STORED DATA:
- Opening Delimiter -
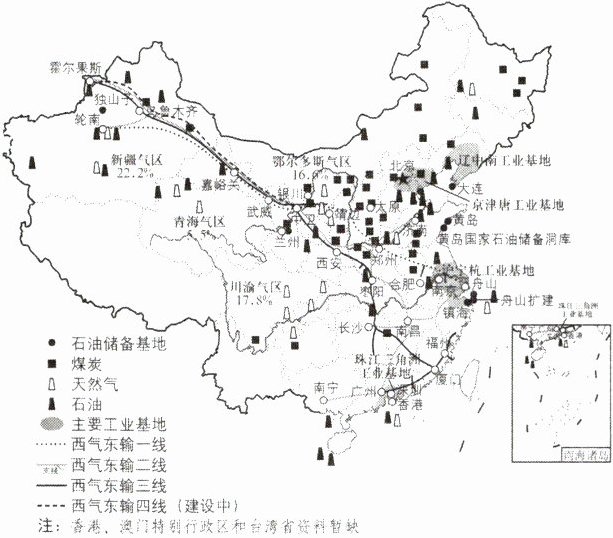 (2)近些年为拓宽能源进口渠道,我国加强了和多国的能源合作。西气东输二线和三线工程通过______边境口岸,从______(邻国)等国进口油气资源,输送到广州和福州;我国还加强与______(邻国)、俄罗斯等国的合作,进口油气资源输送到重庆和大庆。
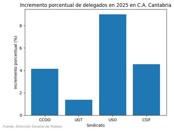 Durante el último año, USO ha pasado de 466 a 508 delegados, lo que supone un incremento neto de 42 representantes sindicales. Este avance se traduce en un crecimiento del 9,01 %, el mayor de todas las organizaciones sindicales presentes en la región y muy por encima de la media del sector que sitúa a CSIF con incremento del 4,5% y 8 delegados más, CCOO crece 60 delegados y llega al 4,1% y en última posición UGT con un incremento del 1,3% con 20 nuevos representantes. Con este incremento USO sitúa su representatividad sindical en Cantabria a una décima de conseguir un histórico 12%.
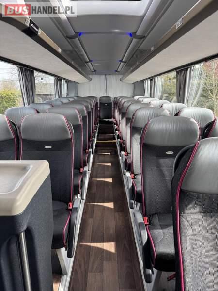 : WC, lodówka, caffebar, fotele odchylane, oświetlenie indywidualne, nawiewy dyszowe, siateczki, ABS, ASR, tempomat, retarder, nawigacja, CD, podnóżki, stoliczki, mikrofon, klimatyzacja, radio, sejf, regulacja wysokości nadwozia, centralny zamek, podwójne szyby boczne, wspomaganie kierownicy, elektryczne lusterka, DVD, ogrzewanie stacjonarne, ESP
- Closing Delimiter -
Please copy exactly the lines from the one that contains "Durante el último" through the last line of the listing above, leaving out the pictures.

 Durante el último año, USO ha pasado de 466 a 508 delegados, lo que supone un incremento neto de 42 representantes sindicales. Este avance se traduce en un crecimiento del 9,01 %, el mayor de todas las organizaciones sindicales presentes en la región y muy por encima de la media del sector que sitúa a CSIF con incremento del 4,5% y 8 delegados más, CCOO crece 60 delegados y llega al 4,1% y en última posición UGT con un incremento del 1,3% con 20 nuevos representantes. Con este incremento USO sitúa su representatividad sindical en Cantabria a una décima de conseguir un histórico 12%.
 : WC, lodówka, caffebar, fotele odchylane, oświetlenie indywidualne, nawiewy dyszowe, siateczki, ABS, ASR, tempomat, retarder, nawigacja, CD, podnóżki, stoliczki, mikrofon, klimatyzacja, radio, sejf, regulacja wysokości nadwozia, centralny zamek, podwójne szyby boczne, wspomaganie kierownicy, elektryczne lusterka, DVD, ogrzewanie stacjonarne, ESP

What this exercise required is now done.